Boat transfer from Chang to Mak.
The pier at the Makathanee Resort and...
the resort from the pier.
Shops on the local street.
The end of the beach.
A pier at a different resort.
And another.
Another nice beach, but the bottom was better at the one I stayed at.
Monday, April 30th.
It rained really hard during the night, high winds,
and lots of thunder. I wonder if this is what the monsoon sounds like. Funny
thought, I have been carrying around a full rain suit which I have used only
once briefly. I left it in Bangkok in my big bag. Is this the result of the
maxim ‘carry a rain suit and you won’t need it and don’t bring it and you
will?’ It finally let up at dawn and I headed down for the breakfast, again
avoiding the eggs and ketchup which seem to have lost their appeal. Then I
packed up and checked out.
My transfer vehicle showed up on time and we drove
south on the island picking up a couple of other groups of people until we were
packed. We drove to the same pier I discovered yesterday and boarded a speed
boat with twin 250 Mercury motors for the trip to Koh Mak. It is funny that
when I tried to book this a month or so ago, they told me that the boats would
probably not be running after April 30th because it was the low
season. However, the boat was packed. The ride took about an hour and my pick
up was there to get me at the dock. He drove me for about 10 minutes to my new
hotel, the Makathanee Resort. Again the rooms are clean, the grounds quite nice
with a good pool and they have a restaurant with a bar on the roof. This time
the beach is much improved and it is long enough to go for a decent walk and
swim.
I explored the beach from one end to the other and
found a beautiful palm tree leaning out over the beach as you see in every
picture in the Caribbean. Back at the hotel I was looking through a large book
exchange collection that was mostly in German or French, when I came across an
autobiography of Bob Dylan in English. I decided to take it. I learned to
listen to him on my Australian west coast trip with Damien, so I figured it
might be a good book to learn more about him.
The afternoon past at a leisurely pace as I spent a
couple of hours in the very warm water, spent some time reading and just
relaxing. I had dinner in the hotel restaurant. They had a bbq dinner, so I had
a cob of corn, a baked potato and a skewer of chicken, peppers, onion and
pineapple. Then I went up to the rooftop bar hoping to meet some western
tourists, but the only people there were young Thai couples. So I had one beer
and read the Dylan book then called it a night.
Tuesday, May 1st.
After breakfast I rented a scooter from the hotel for
the day at 250 Bhat, or $10. I spent most of the day riding around this 16
square kilometre island exploring all the roads. This is a flat island compared
to Koh Chang. There are only 450 inhabits apparently, and most of them work for
the tourist trade or as farmers. Much of the island has been turned over to
rubber plantations.
I checked out other resorts and hotels and didn’t find
many better than where I was staying, and I only found one other beach that was
comparable, but its bottom was not as sandy as the one I was staying on. It was
at the pier where I landed yesterday.
So, this time I think I booked the best place available. However, I
stayed there for a couple of hours soaking in the shallow warm water. Today I
wore my Easter Island hat and a t-shirt as I got too much sun yesterday.

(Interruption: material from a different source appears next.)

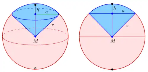 - ↑ Weisstein, Eric W. «Spherical sector». En Weisstein, Eric W, ed. MathWorld (en inglés). Wolfram Research.
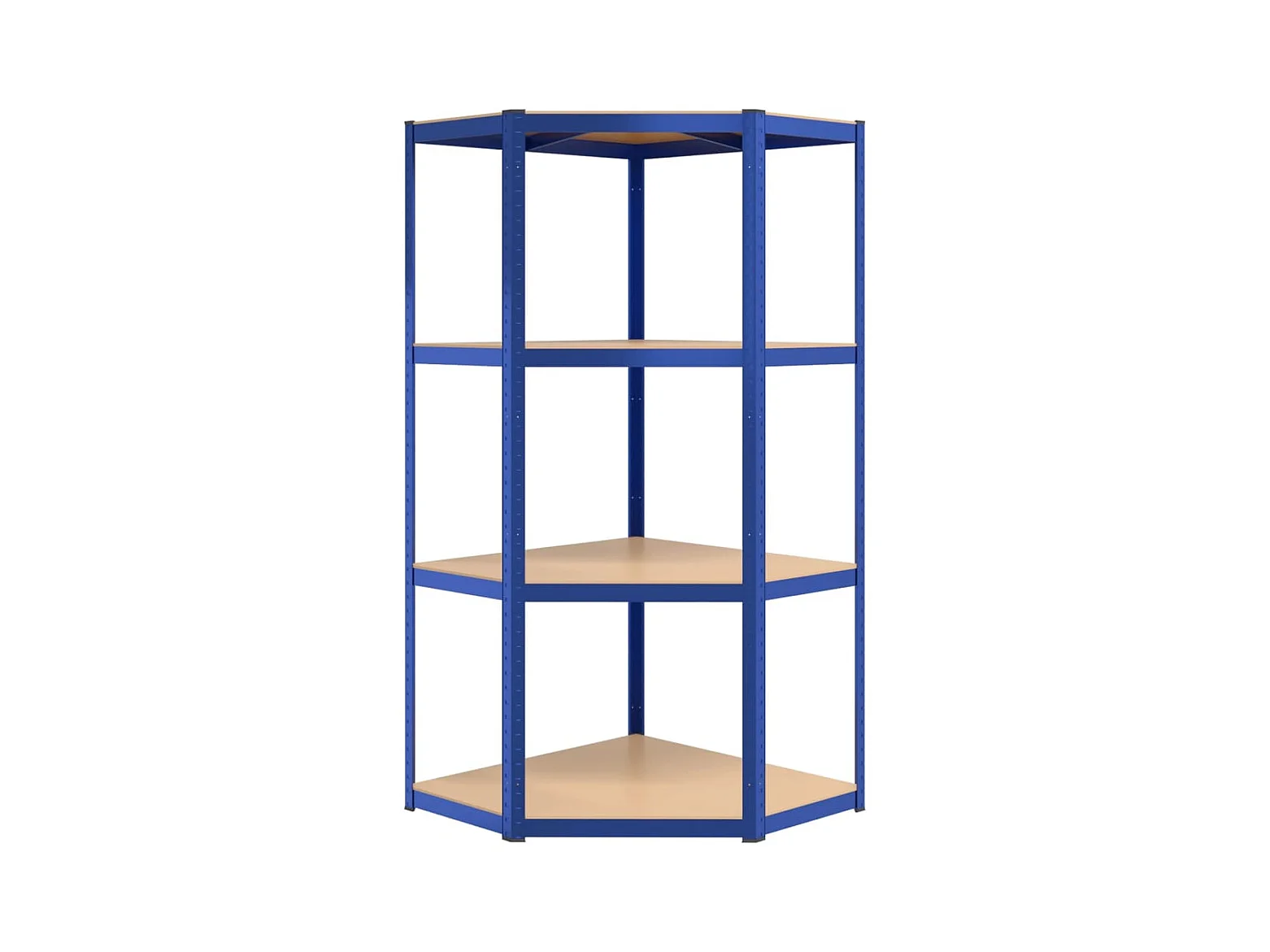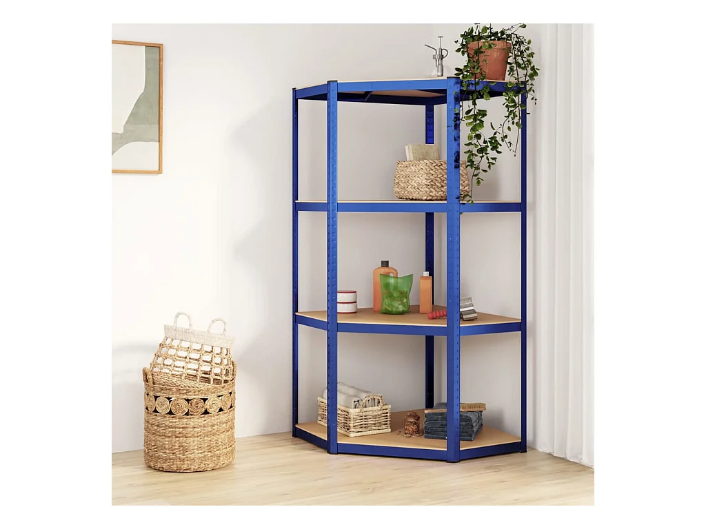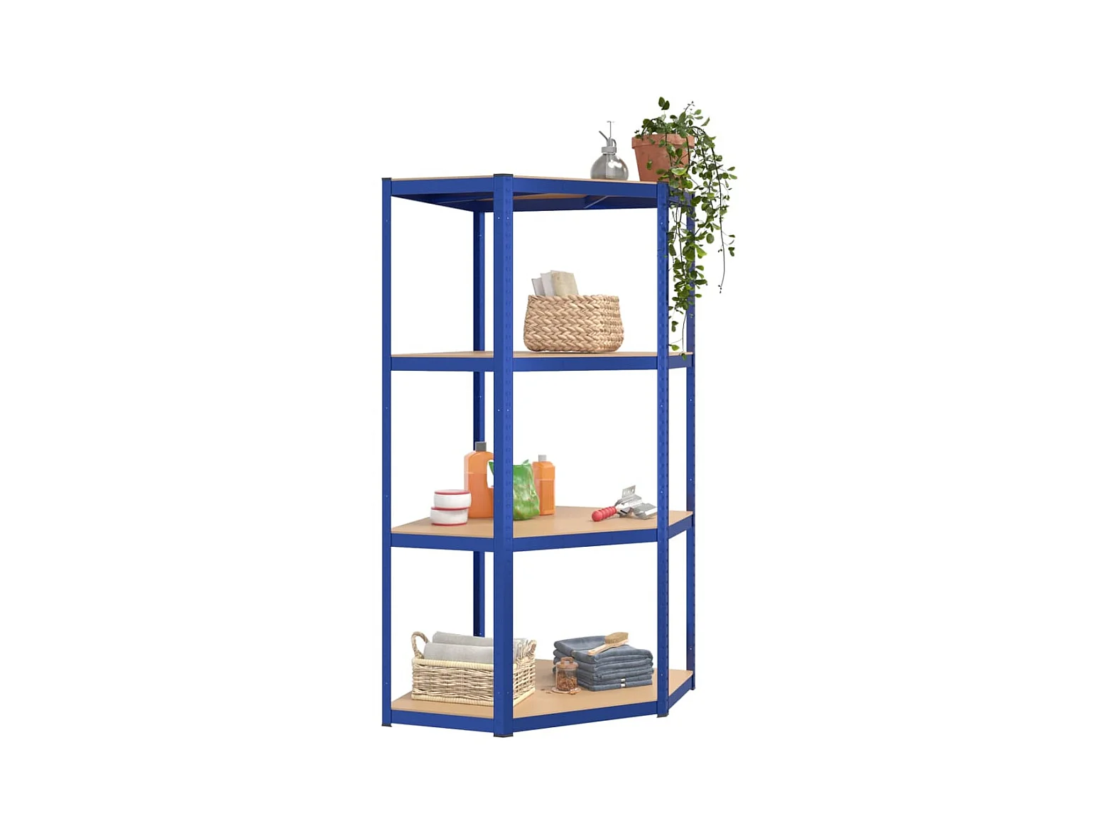 Estante de canto 4 prateleiras derivados de madeira e aço azul PT233896

Later in the day, I rode back to my hotel and hung out
on the beach there. The water there is rougher than on the other side of the
island where it was very calm.
There is not much on the island other than a couple of
beaches, some hotels and a few shops and restaurants. I can’t imagine who would
eat the at the local restaurants, certainly not western tourists. This island
has mostly Thai tourists and the hotel I am staying at has a pier where there
are two boats with 3 x 250 horsepower boats that take tourists back and forth to
the mainland.
I enjoyed a nice dinner and a beer and then headed off
to my room to finish reading Gut and continue reading Bob Dylan.